There’s also widespread optimism regarding McLendon taking over on the nose, but Hampton was so good and so important for so long that his successor simply cannot be rubber-stamped as the next big thing in the middle.
McLendon, like Allen, has shown some nice flashes in relatively limited action, but both are going to have to establish that they’re consistently up to the challenge.
Worilds is going to have to first prove that he’s worthy as a replacement for James Harrison, and then prove it on a week-to-week basis. And Worilds has yet to do either in three seasons with the Steelers.
His career to this juncture has been characterized mostly by either injury, indifference or both. Worilds has also shown some nice flashes with 8 sacks in 10 career starts.
But even as he was flashing last season, he was likewise exasperating.
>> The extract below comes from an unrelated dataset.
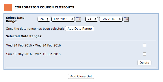 To use this functionality, log in to your eTourism extranet and go to the close out section of your Corporation Coupons menu which is found in the Distribution Menu. You simply add the close out dates and click Add Close Out to save the changes. You would also see and be able delete active close out dates.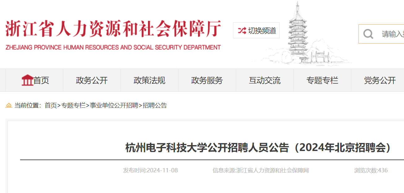 根據(jù)《浙江省事業(yè)單位公開招聘人員暫行辦法》規(guī)定及有關(guān)文件精神,結(jié)合在北京舉辦的2024年浙江省高層次人才洽談會工作部署,杭州電子科技大學決定在北京高層次人才洽談會現(xiàn)場公開招聘工作人員?,F(xiàn)將有關(guān)事項公告如下:

Worilds had 5 of his sacks in 2012, but accounted for just 4 special-teams tackles.
He gets first shot at Harrison’s job not because Worilds has established through his search-and-destroy play in the kicking game that the Steelers simply have to get him on the field somewhere, but because he’s the best option available at present.
Of course, that situation is subject to change after the drafting of Jarvis Jones in the first round in April.
Off-the-record expectations expressed during the spring sessions assessed that upcoming position battle thusly:
* If Worilds consistently plays the way the Steelers believe he’s capable of playing, he’ll start all season.
* If Worilds plays the way he has in his first three seasons, Jones will be starting after the bye week.
The examples established by two of Worilds’ teammates last season could prove influential, providing Worilds has been paying attention.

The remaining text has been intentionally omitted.